Sign-SGD via Parameter-Free Optimization¶

Conference: ICLR2026
OpenReview: https://openreview.net/forum?id=yDLD3D95w3
Code: https://github.com/brain-lab-research/ALIAS
Area: optimization
Keywords: Parameter-free optimization, Sign-SGD, Adaptive stepsize, LLM training, Gradient compression

TL;DR¶

This paper proposes ALIAS, a series of parameter-free Sign-SGD algorithms that eliminate the need for manual learning rate tuning. By estimating the objective gap and local smoothness constants per iteration, ALIAS automatically determines sign update stepsizes. It matches or exceeds tuned Sign-SGD and AdamW across LLaMA pre-training, Swin fine-tuning, and various benchmarks, significantly reducing the total computational cost associated with learning rate grid searches.

Background & Motivation¶

Background: The appeal of Sign-SGD stems from two directions. In distributed training, workers transmit only gradient signs for majority-vote aggregation, significantly compressing communication. In single-machine large model training, Sign-SGD maintains a lighter optimizer state than AdamW as it avoids storing first and second-moment estimates. As LLM and vision model scales increase, this "direction-only, statistics-free" optimizer has regained practical relevance.
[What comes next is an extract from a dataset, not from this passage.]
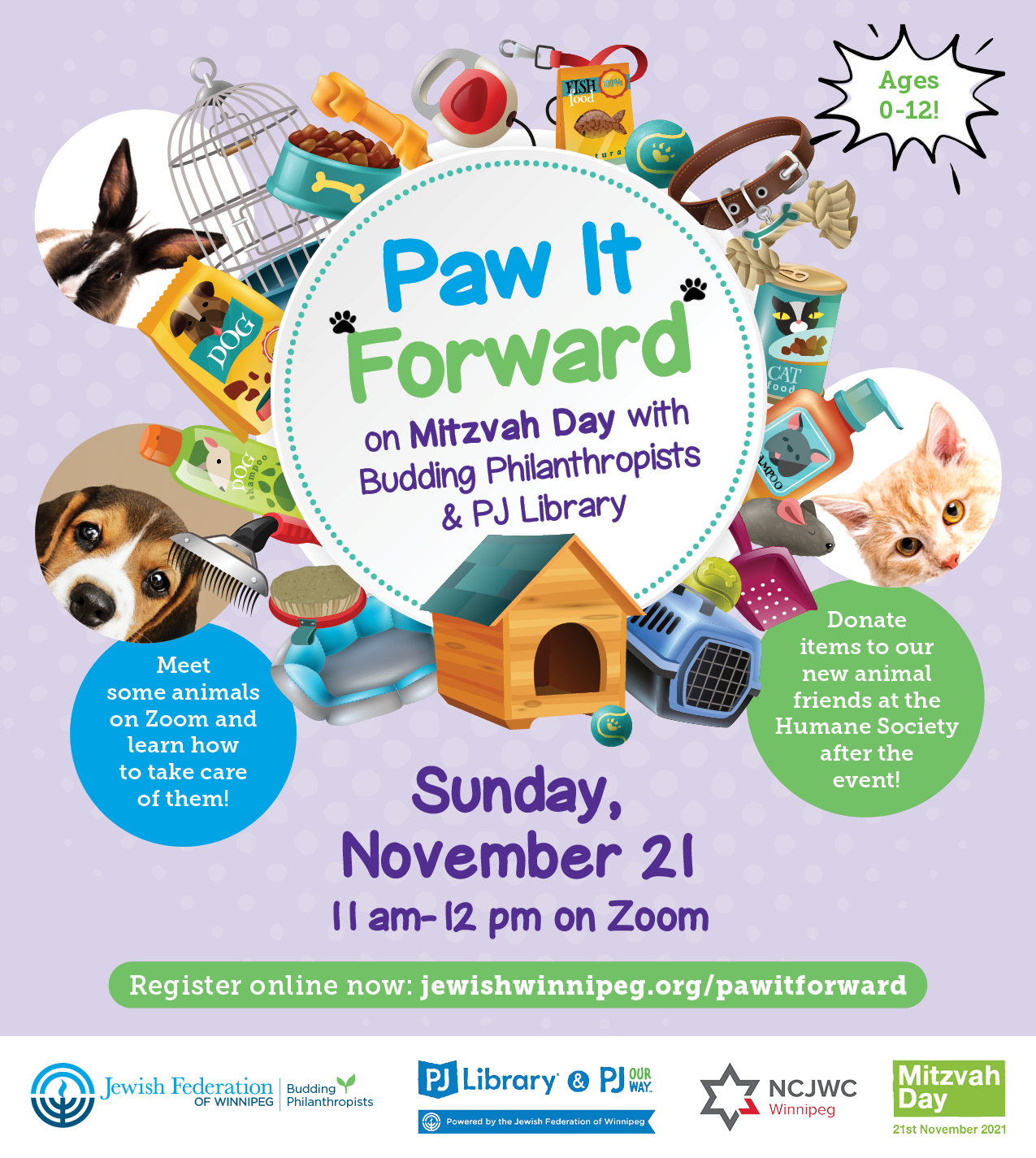 On November 21st, at 11 am, Budding Philanthropists and PJ Library are hosting a virtual event with some furry friends from the Winnipeg Humane Society for International Mitzvah Day! Kids will get to meet the animals and learn a bit about how to take care of them. After the event we will be collecting items to donate to the animals at the Humane Society. We hope you can join us!

Limitations of Prior Work: The actual performance of Sign-SGD is highly dependent on the stepsize \(\gamma\). Classical theory for \(\ell_\infty\)-norm smooth objective functions suggests the average gradient 1-norm follows:

\[ \frac{1}{T}\sum_{t=0}^{T-1}\|\nabla f(x_t)\|_1 \leq \frac{\Delta^*}{\gamma T} + \frac{\gamma L_\infty}{2}, \]

where \(\Delta^*=f(x_0)-f(x^*)\) and \(L_\infty\) is the smoothness constant. The optimal stepsize \(\gamma\propto \sqrt{\Delta^*/(L_\infty T)}\) requires knowledge of both quantities, which are unknown in deep learning. Specifically, \(f(x^*)\) and local smoothness vary during training, making pre-specified values unreliable.
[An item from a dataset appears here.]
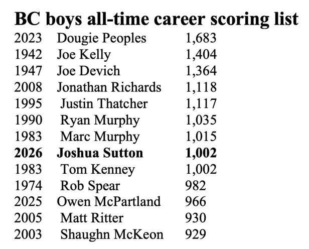 With an inside hoop in the fourth quarter, Sutton became the ninth BC boy to score 1,000 points for his career. He is tied with Maroon great Tom Kenney for eighth place on BC’s all-time scoring list with 1,002 points. He is just behind Marc Murphy (1,015) and the late Ryan Murphy (1,035).

Key Challenge: While Sign-SGD aims to reduce memory and communication costs, the requirement for expensive grid searches for the learning rate offsets these savings. This is particularly problematic in LLM pre-training, where a single incorrect learning rate can waste significant GPU hours, obscuring whether sign-based optimizers actually save resources.
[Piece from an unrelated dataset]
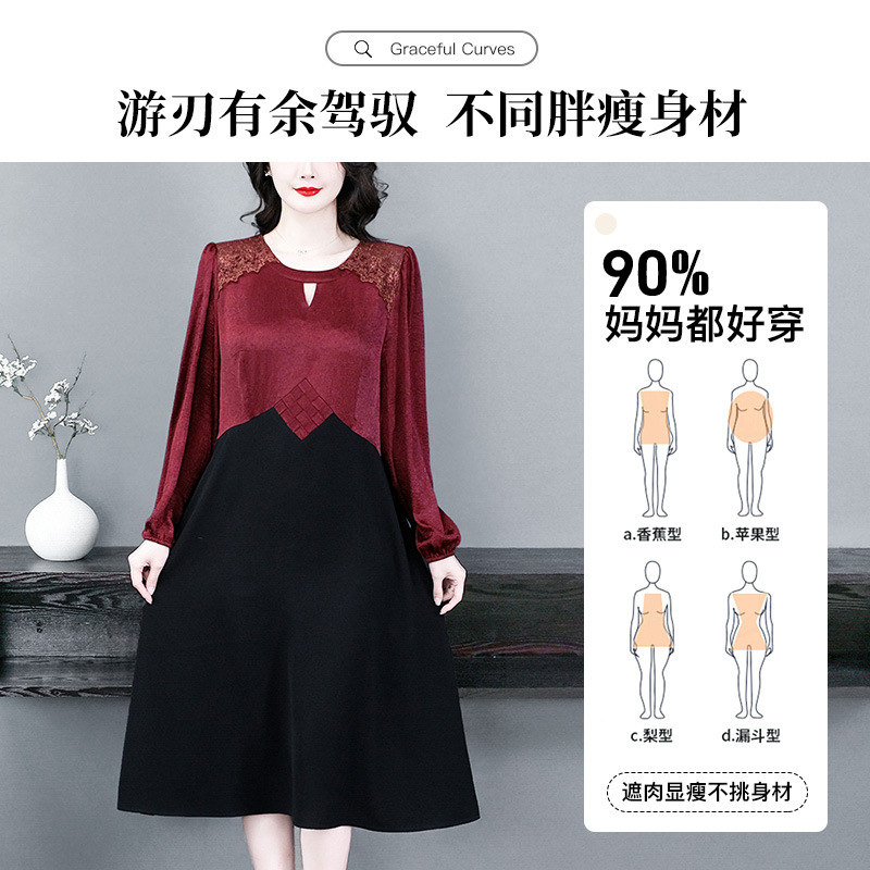Весеннее легкое роскошное стильное тяжелое модное повседневное свободное платье больших размеров для женщин среднего возраста.

Goal: The authors aim to construct a parameter-free Sign-SGD that does not rely on prior knowledge of \(\Delta^*\) or \(L_\infty\), requires no restarts or additional searches, and covers deterministic, stochastic, and distributed settings while maintaining performance and memory advantages.

Key Insight: Instead of applying general parameter-free methods to SGD, the paper focuses on the two critical unknowns in Sign-SGD theory. The numerator \(\Delta^*\) is replaced by cumulative descent evidence or a known lower bound, while the denominator \(L_\infty\) is replaced by a local smoothness estimate derived from adjacent gradient changes and distances. Consequently, the stepsize is "bootstrapped" from the training trajectory.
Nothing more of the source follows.